My little bitty is getting so big and she is so smart I don’t know where the time has gone. She just turned 8 months on the 4th. She is pulling herself up and walking across the front of the couch holding on to it. She has been running everywhere in her walking. She will fallow me to the kitchen and if she is hungry she will sit there and tell me um um um yum yum yum. If I don’t get her something she gets upset. I can get her something and tell her come on and she runs after to the other room for me to feed her. She is to funny. She still only has her two front teeth on the bottom but is wanting more and more off the table. She is about done eating baby food. She had the whole thanksgiving meal off the table. She loved it. If we are eating she refuses to eat the baby food and wants what we are eating. Sometimes she will even if we aren’t eating. She is up to 14 lbs 2 ft 2 in as of the other day. She can still wear 0-3 months clothes. But they say she is growing on a curve her own curve but on one so they are not worried. They keep saying she is just going to be petite. the doctor was surprised she rolled over and waved to her as she went out of the room and told her bye. She said she is very smart and very advanced on her motor skills.

We had to give the ferrets a way. Part of the joys of being where we are. They were told they could keep them but then had to get rid of them. A friend I grew up with took them so they are at a good home and they can see them now and then. They may get them back if we get a place because they may move out of state the first of the year. I told them that if they got rid of them to let me know I wanted them back if I was moved and had room.

Proud of the both my big kids they are doing so good in school. They both have A/B honor roll. My big girl is one A from having all A’s and principles honor roll. Not sue if she will get it or A/B this time around. Feel kind of bad but she had science project to work on and turn in in the middle of moving. She only got a 70 on it but she got a 90 on her presentation. Not sure how that will average out in the end. I told her to ask for some extra credit to bring the grade up but she has had so much homework the last few weeks that we haven’t. But I am not to worried about it because I know she will have it pulled up and back to an A or B by the middle of next 9 weeks.

That’s about it nothing great other than their program I can’t wait to see. I am more than glad their last day until after New Years is next Friday. We can all rest and relax after the last few months of stress and change.

 



{December 11, 2013}   H.U.G.S

Help Us Grow Spiritually

Heard this tonight on t.v and liked it.



{December 11, 2013}   All Makes Since Now

I have been talking to my friend J more the last few weeks. I hadn’t talk to her much we talked here and there but not a lot.
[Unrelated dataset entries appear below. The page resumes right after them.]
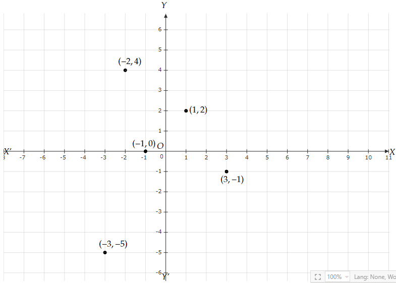 點\( (-2,4),(3,-1),(-1,0) \), \( (1,2) \) 和 \( (-3,-5) \) 分別位於哪個象限或哪條座標軸上?透過在笛卡爾平面中定位這些點來驗證你的答案。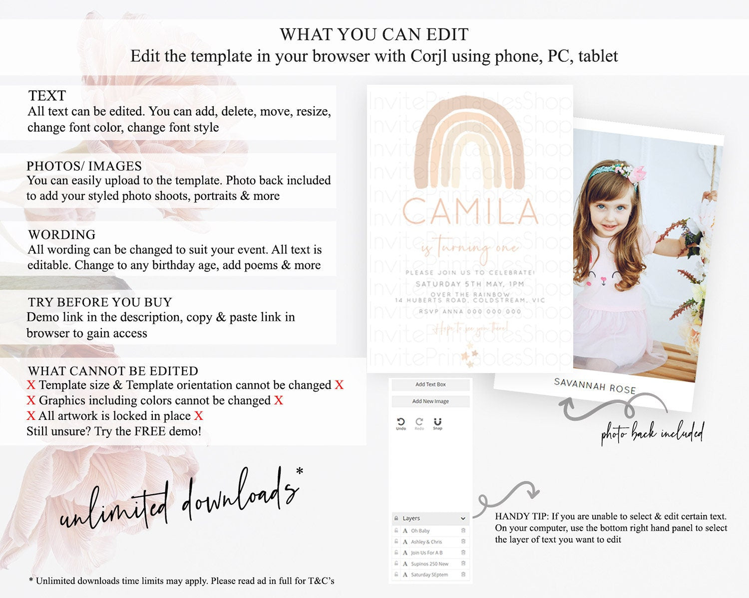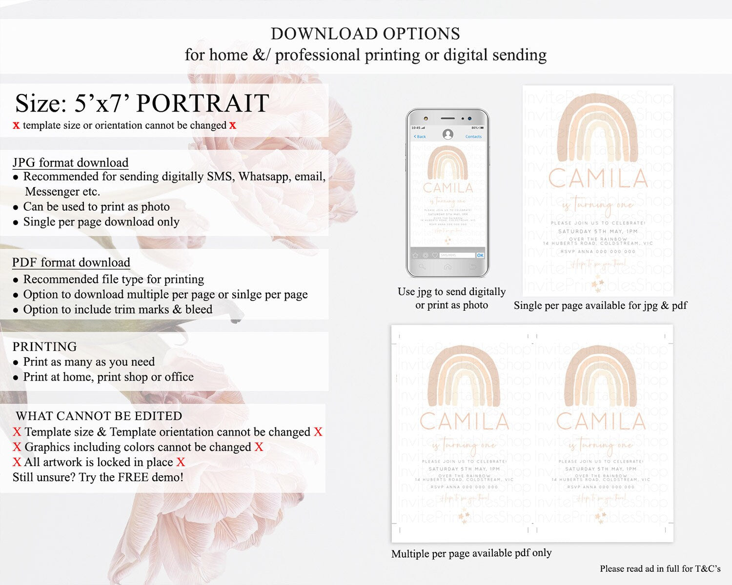 Pastel Rainbow Birthday Invitation Pastel Rainbow Invitation Rainbow Invitation Pastel Invitation Boho Rainbow 1st First Birthday D23104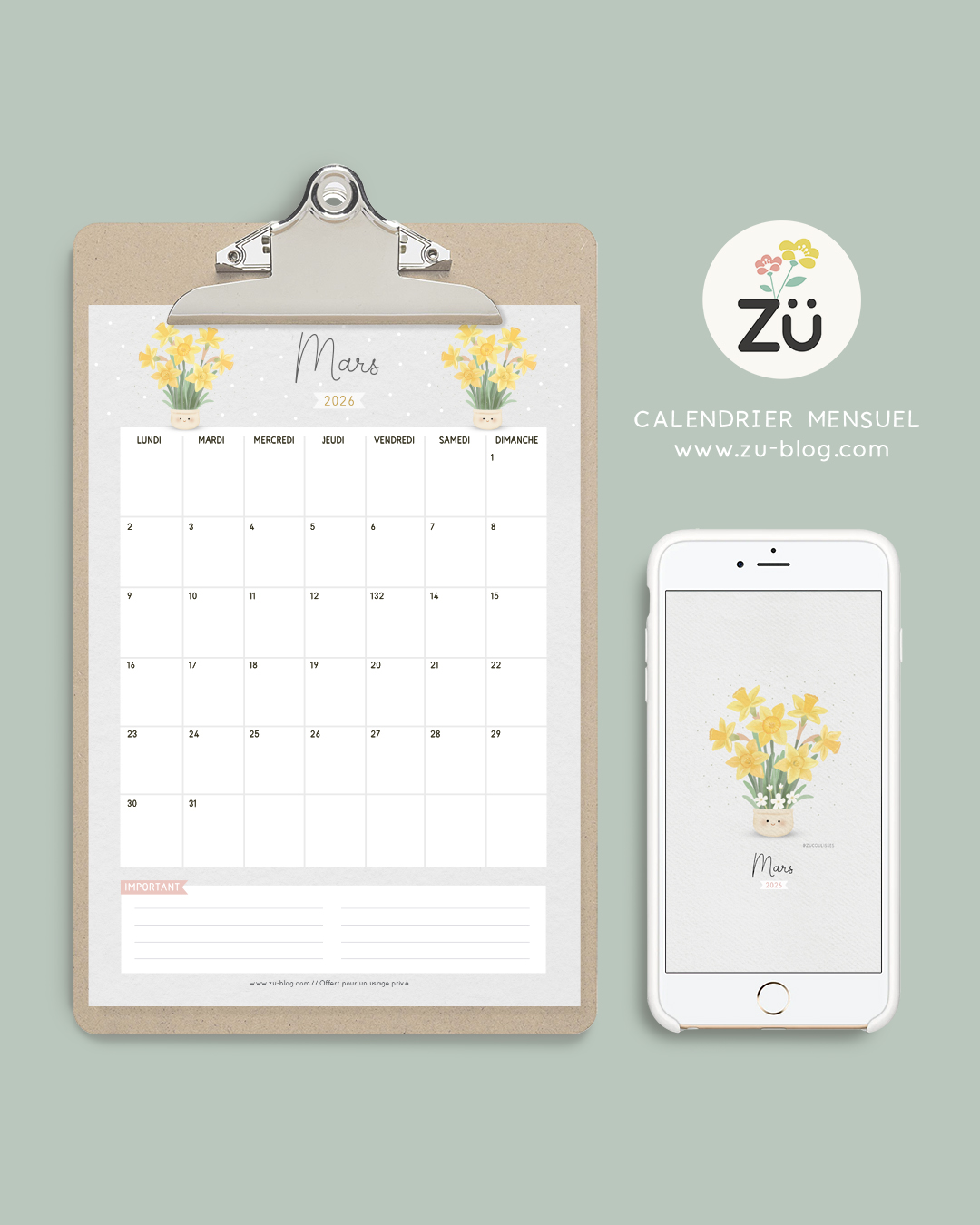 Voici le calendrier du mois de mars et ses jonquilles toutes fraiches !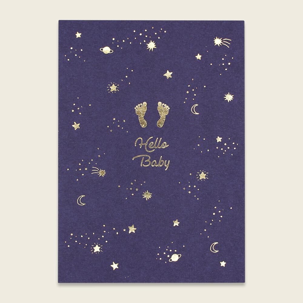 Postkarte Sterne und Planeten, nachtblau mit Goldfolie – Hello Baby
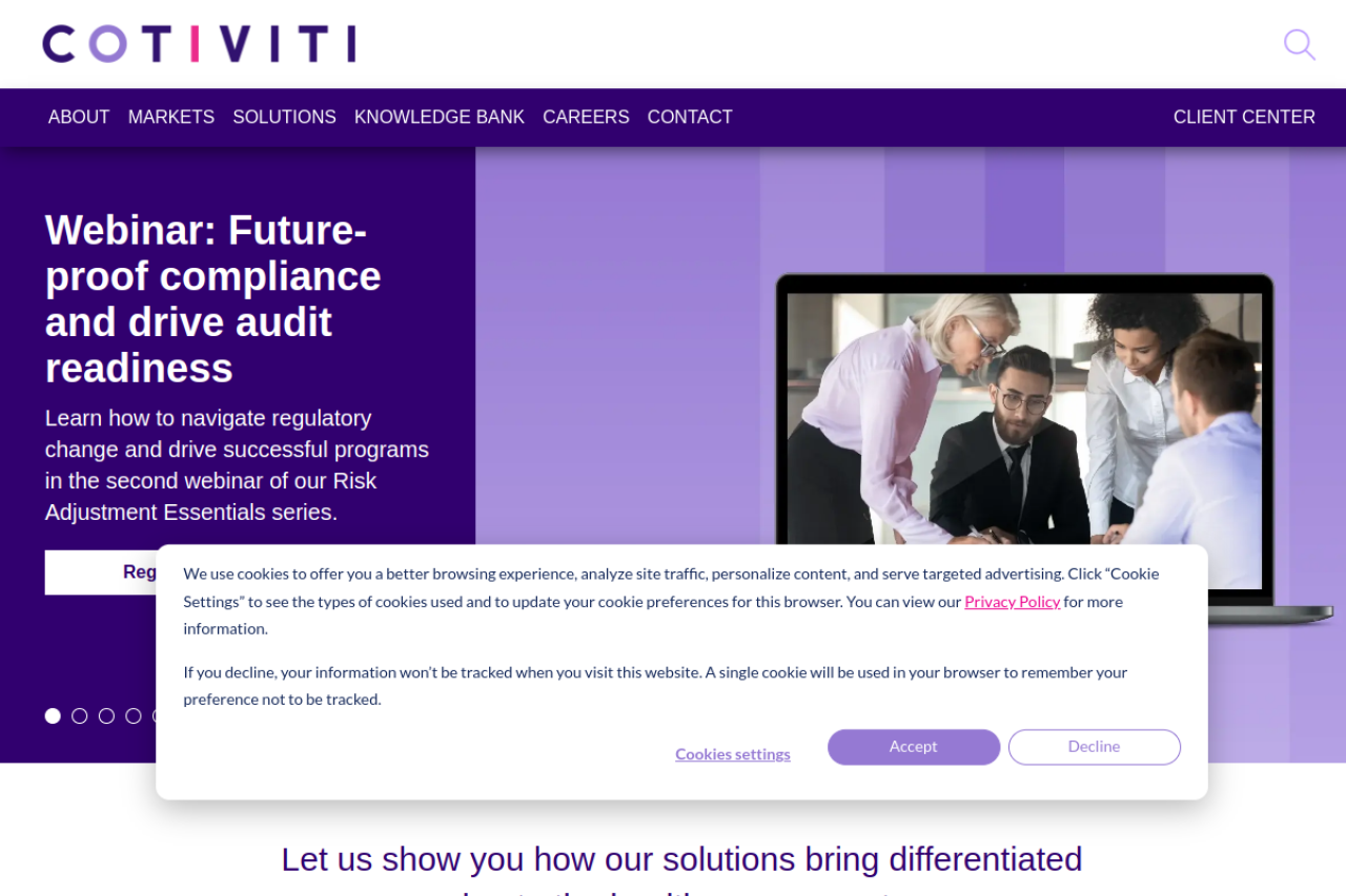 Cotiviti is a solutions and analytics company leveraging unparalleled clinical and financial datasets to deliver insight into the healthcare system’s performance.

I met her and her husband through RC they were friends of his. She has contacted me a few times off and on the last year on Facebook and her husband offered to let me stay with them when I was pregnant. She asked me the other day if I could give her a ride to have a procedure done. She wasn’t allowed to drive after. Then another day we went some places. We got to talking about RC and the way he was. She said that he drank a lot when they met him. She said he was always drunk. That they had tried to talk to him about it and things but he just kept doing it.

I was kind of surprised because he hardly drank at all when we were together. He would have one to two at night when he came home and most the time he never even finished the second one. He would dump it out. I would have a drink here and there. We went out a few times and we both drank but he still didn’t really drink that much. I only ever seen him with even a good buzz once. He was never drunk. My one friend said before I was drinking a lot when I was with him. But I really wasn’t. Her a lot is different than most peoples I would say because she don’t drink. Maybe once or twice a year. So a drink a few times a week or a drink a night is a lot to her.

But with RC I think what happen was he had a problem with the pills and he was trying to get away from it so he started drinking. A lot of times that is what people will do they will do one to get a way from the other and vise versa. So that they can keep something in their systems. I think he wanted a way from the pills so he started drinking and it got out of hand. Then he started going to church and things with the kids and in laws so he probably started trying to not drink so much. Then we got together and I don’t drink like that all the time. So he was trying to keep it to just one or two an evening. I was ok with that he wasn’t sitting there getting drunk every night he wasn’t taking money out of the house.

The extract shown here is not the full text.